▸ Your task
Using the data below, return word for word every line from the one holding "El encuentro con" down to the one holding "TextExpander Helperでアクセシビリティ機能の警告が出たら". Leave pictures out.

▸ Dataset
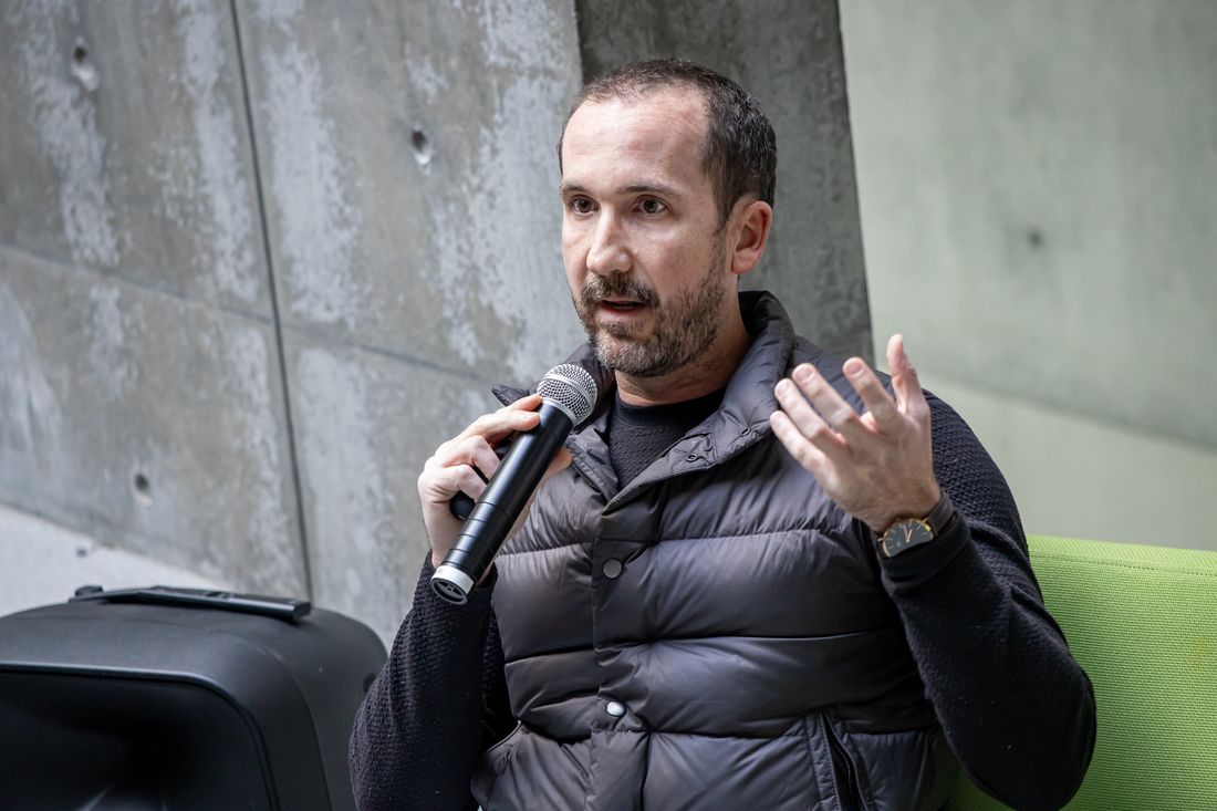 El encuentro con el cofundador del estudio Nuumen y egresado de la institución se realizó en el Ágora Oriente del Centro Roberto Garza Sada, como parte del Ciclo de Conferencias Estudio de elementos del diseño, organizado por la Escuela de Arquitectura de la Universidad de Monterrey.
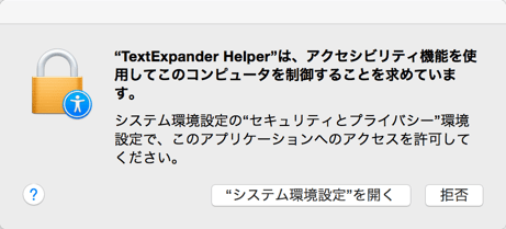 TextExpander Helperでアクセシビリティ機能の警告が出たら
---
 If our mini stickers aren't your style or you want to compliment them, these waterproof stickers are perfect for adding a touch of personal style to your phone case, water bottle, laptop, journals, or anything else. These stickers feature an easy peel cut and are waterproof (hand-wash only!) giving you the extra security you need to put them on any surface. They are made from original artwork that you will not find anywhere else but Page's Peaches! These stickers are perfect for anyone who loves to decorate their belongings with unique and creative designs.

▸ Answer for this exercise
 El encuentro con el cofundador del estudio Nuumen y egresado de la institución se realizó en el Ágora Oriente del Centro Roberto Garza Sada, como parte del Ciclo de Conferencias Estudio de elementos del diseño, organizado por la Escuela de Arquitectura de la Universidad de Monterrey.
 TextExpander Helperでアクセシビリティ機能の警告が出たら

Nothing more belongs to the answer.